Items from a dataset
▬▬▬▬▬▬▬▬▬▬
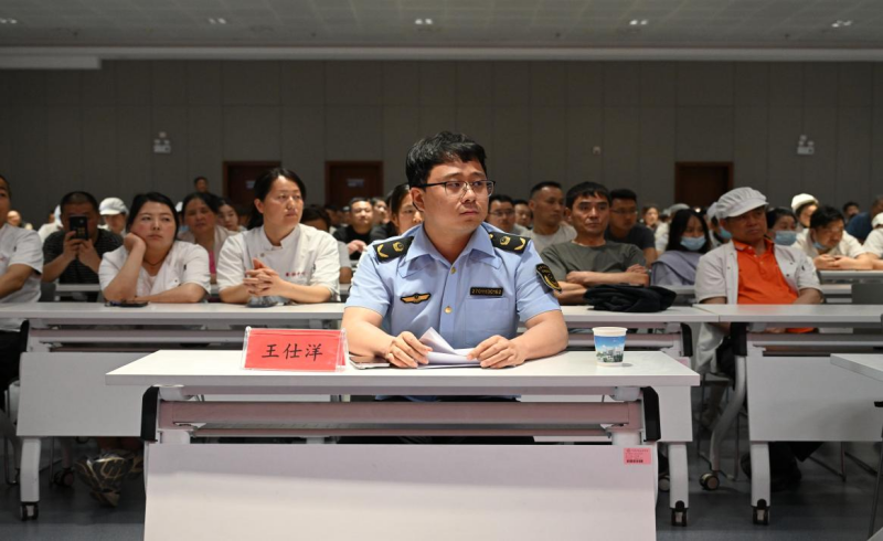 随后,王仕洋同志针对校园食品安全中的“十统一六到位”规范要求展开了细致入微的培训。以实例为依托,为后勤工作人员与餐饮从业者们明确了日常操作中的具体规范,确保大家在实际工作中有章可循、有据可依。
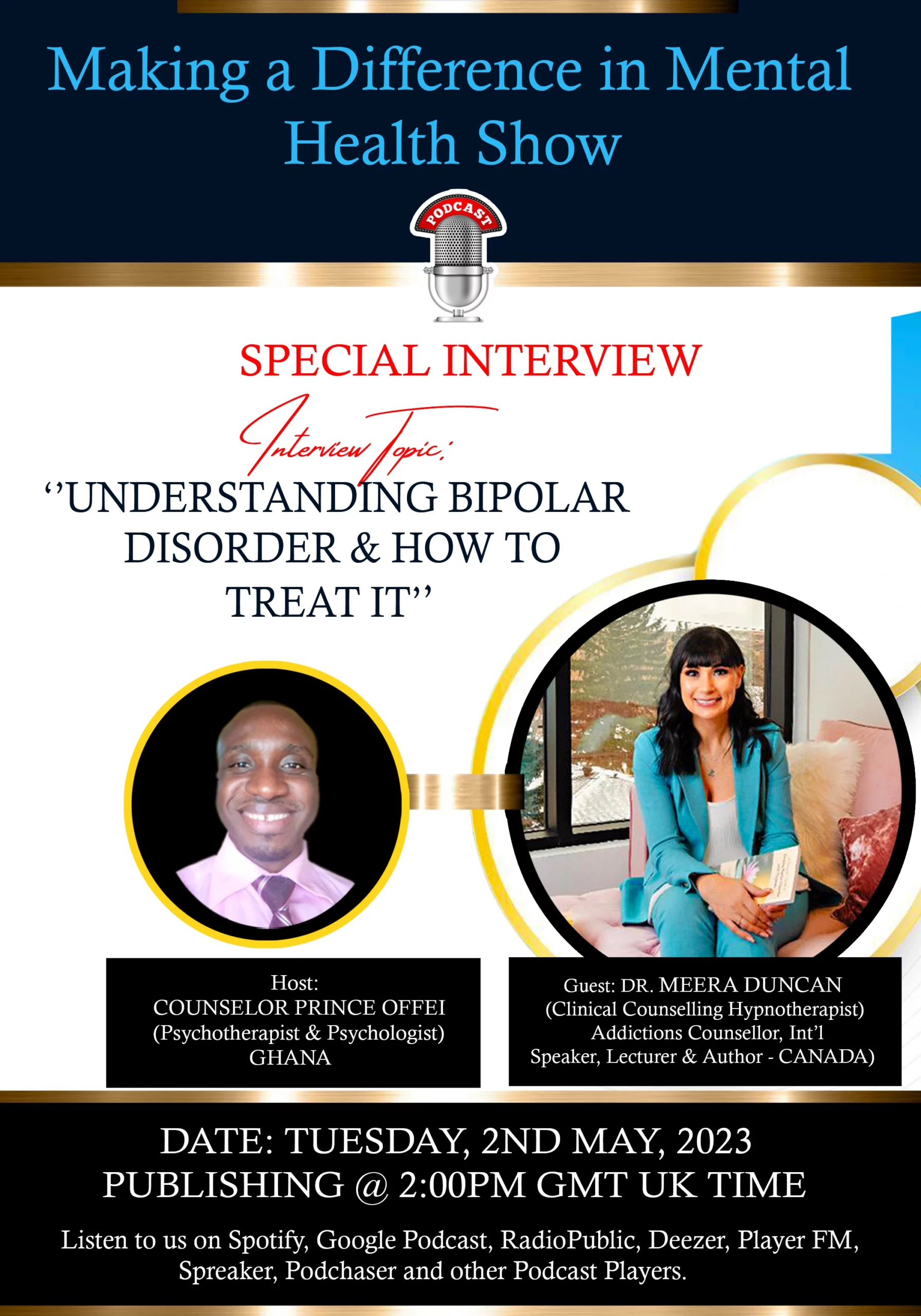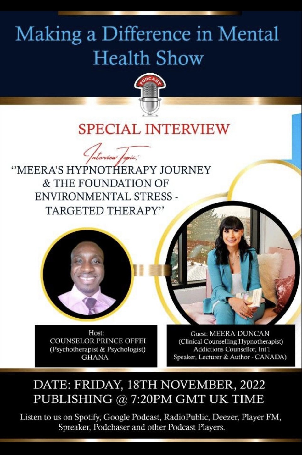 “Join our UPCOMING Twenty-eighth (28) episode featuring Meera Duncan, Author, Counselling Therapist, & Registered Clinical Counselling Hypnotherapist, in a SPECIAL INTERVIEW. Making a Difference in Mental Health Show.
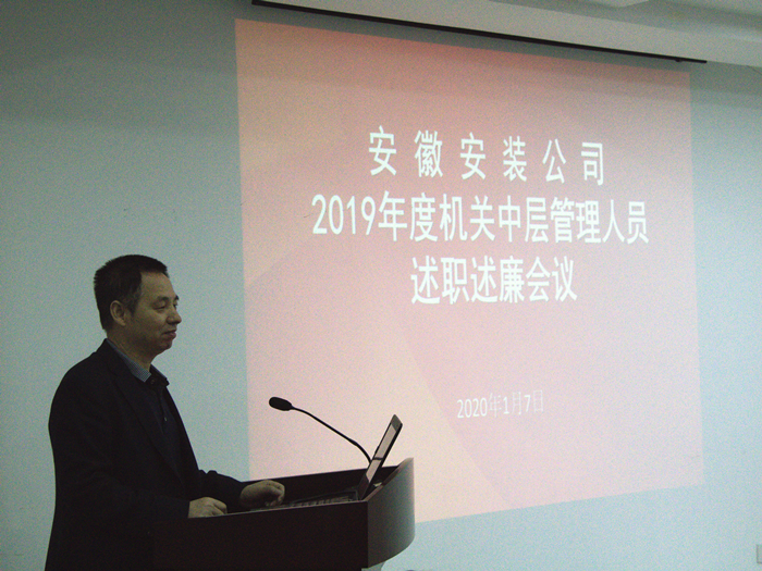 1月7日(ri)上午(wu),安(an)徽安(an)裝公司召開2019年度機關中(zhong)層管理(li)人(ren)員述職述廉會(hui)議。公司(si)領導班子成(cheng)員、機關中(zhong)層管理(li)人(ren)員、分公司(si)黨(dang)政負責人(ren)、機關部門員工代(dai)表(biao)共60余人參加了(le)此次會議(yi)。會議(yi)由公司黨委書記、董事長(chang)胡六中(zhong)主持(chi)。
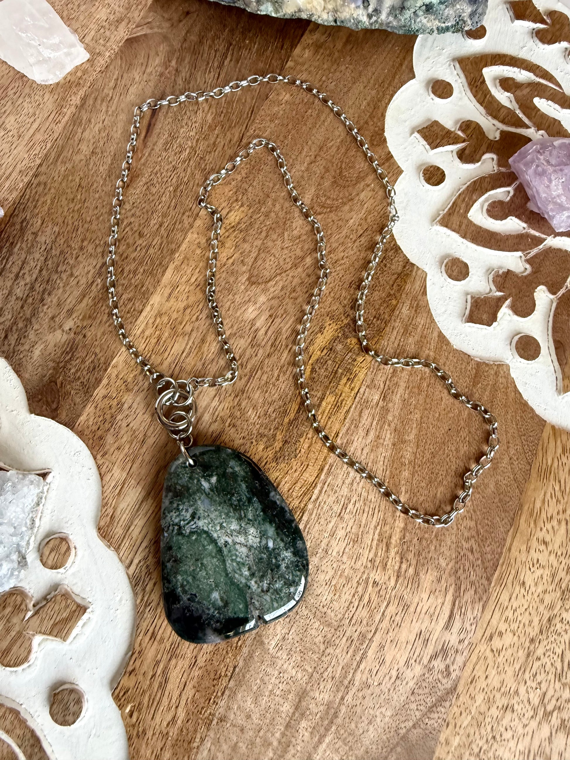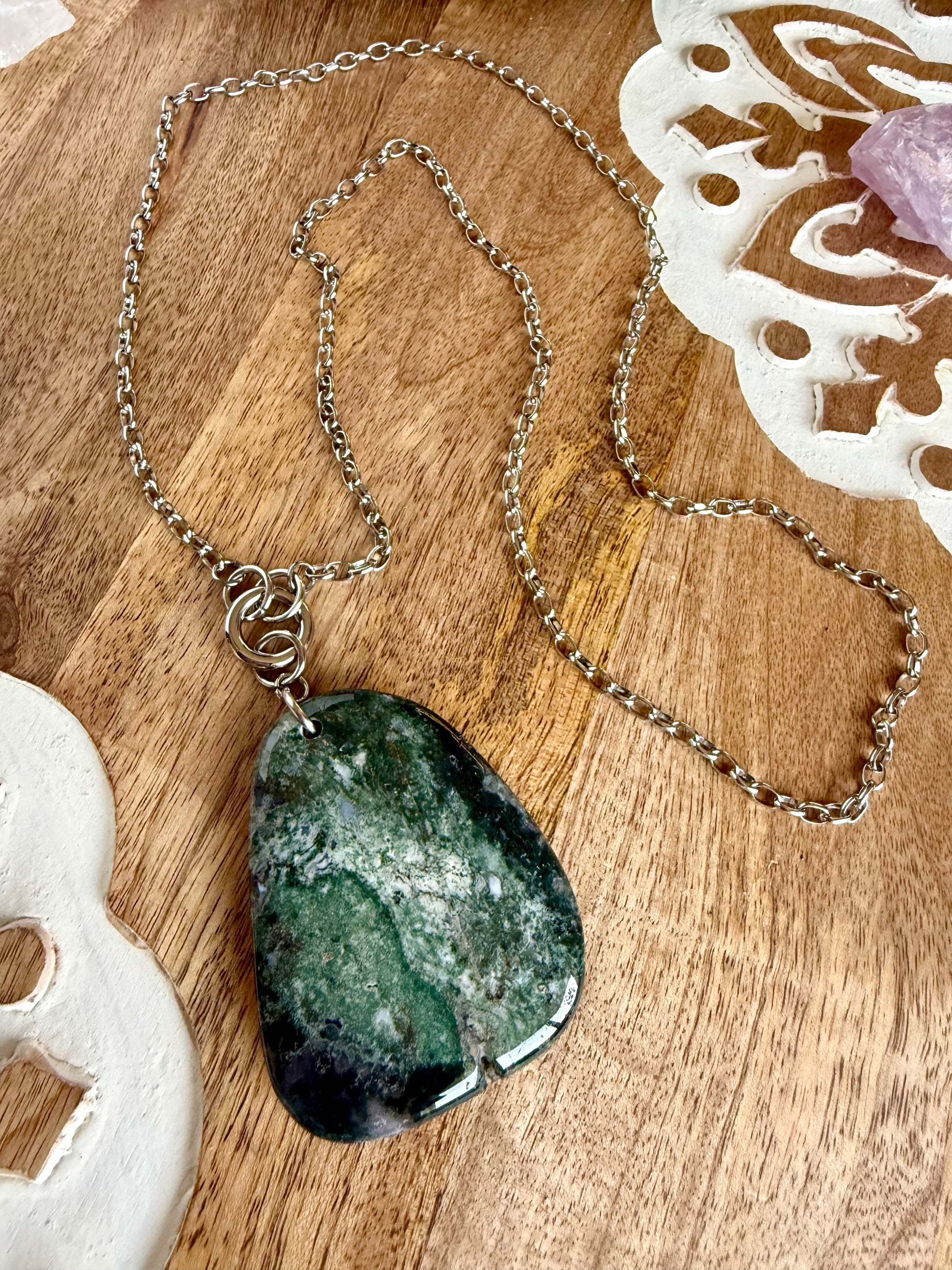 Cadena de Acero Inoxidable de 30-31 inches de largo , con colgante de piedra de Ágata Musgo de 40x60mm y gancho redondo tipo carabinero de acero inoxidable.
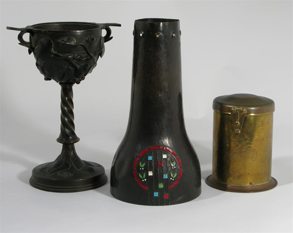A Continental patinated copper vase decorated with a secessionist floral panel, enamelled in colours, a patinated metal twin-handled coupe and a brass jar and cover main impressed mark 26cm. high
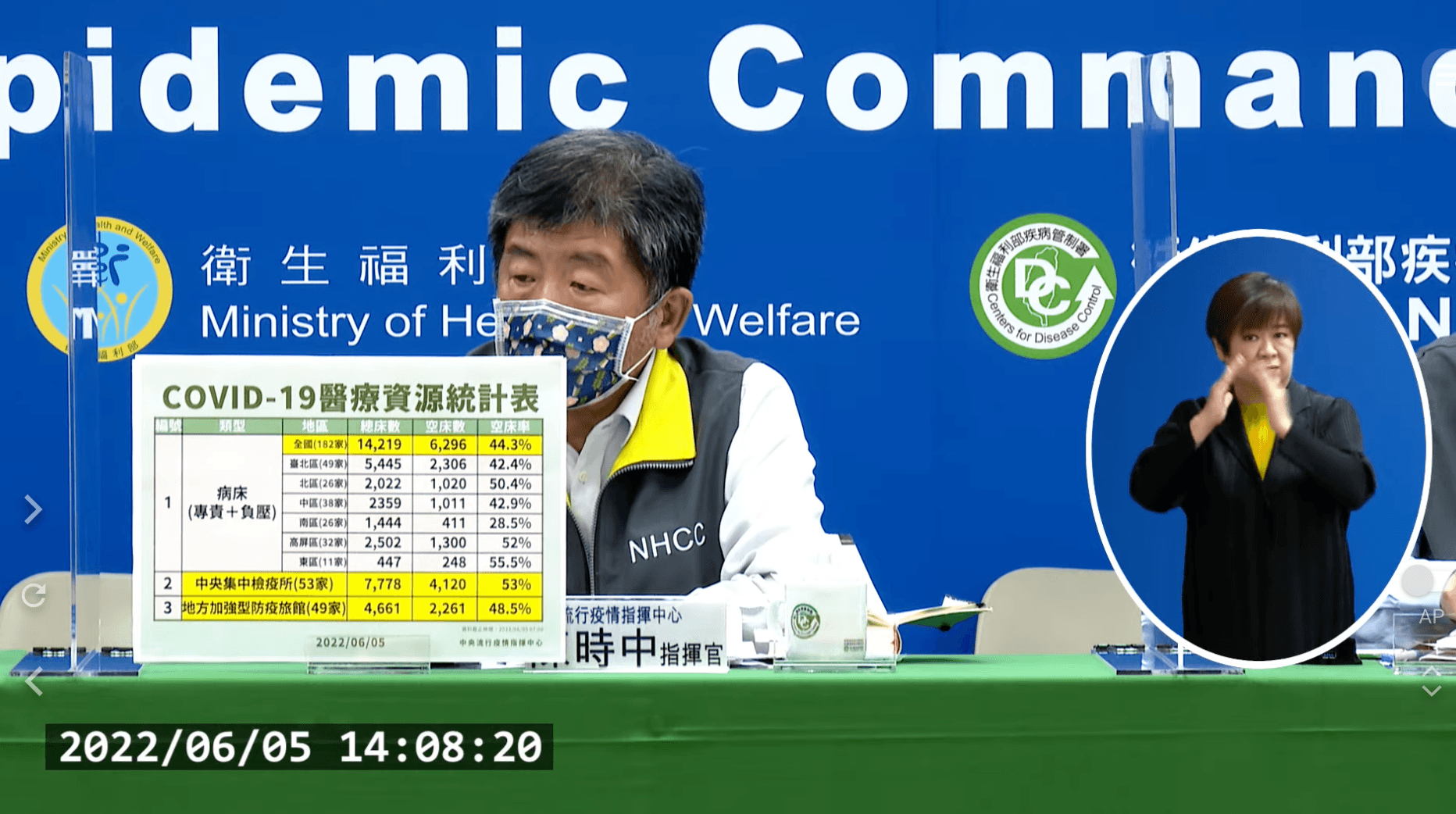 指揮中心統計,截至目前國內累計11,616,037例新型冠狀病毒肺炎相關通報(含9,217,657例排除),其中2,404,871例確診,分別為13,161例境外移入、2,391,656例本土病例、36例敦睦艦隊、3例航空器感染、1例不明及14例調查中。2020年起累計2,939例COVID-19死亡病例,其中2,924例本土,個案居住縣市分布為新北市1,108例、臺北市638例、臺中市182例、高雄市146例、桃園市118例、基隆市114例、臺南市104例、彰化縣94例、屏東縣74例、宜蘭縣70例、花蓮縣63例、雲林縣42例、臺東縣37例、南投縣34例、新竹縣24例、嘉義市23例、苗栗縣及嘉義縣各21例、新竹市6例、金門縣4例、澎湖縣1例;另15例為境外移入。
▬▬▬▬▬▬▬▬▬▬
→ Your assignment: Could you please write out exactly the lines from the start of the entries above through the line that holds "A Continental patinated", both included, with no pictures?

→ Solution to the exercise:
 随后,王仕洋同志针对校园食品安全中的“十统一六到位”规范要求展开了细致入微的培训。以实例为依托,为后勤工作人员与餐饮从业者们明确了日常操作中的具体规范,确保大家在实际工作中有章可循、有据可依。
 “Join our UPCOMING Twenty-eighth (28) episode featuring Meera Duncan, Author, Counselling Therapist, & Registered Clinical Counselling Hypnotherapist, in a SPECIAL INTERVIEW. Making a Difference in Mental Health Show.
 1月7日(ri)上午(wu),安(an)徽安(an)裝公司召開2019年度機關中(zhong)層管理(li)人(ren)員述職述廉會(hui)議。公司(si)領導班子成(cheng)員、機關中(zhong)層管理(li)人(ren)員、分公司(si)黨(dang)政負責人(ren)、機關部門員工代(dai)表(biao)共60余人參加了(le)此次會議(yi)。會議(yi)由公司黨委書記、董事長(chang)胡六中(zhong)主持(chi)。
 Cadena de Acero Inoxidable de 30-31 inches de largo , con colgante de piedra de Ágata Musgo de 40x60mm y gancho redondo tipo carabinero de acero inoxidable.
A Continental patinated copper vase decorated with a secessionist floral panel, enamelled in colours, a patinated metal twin-handled coupe and a brass jar and cover main impressed mark 26cm. high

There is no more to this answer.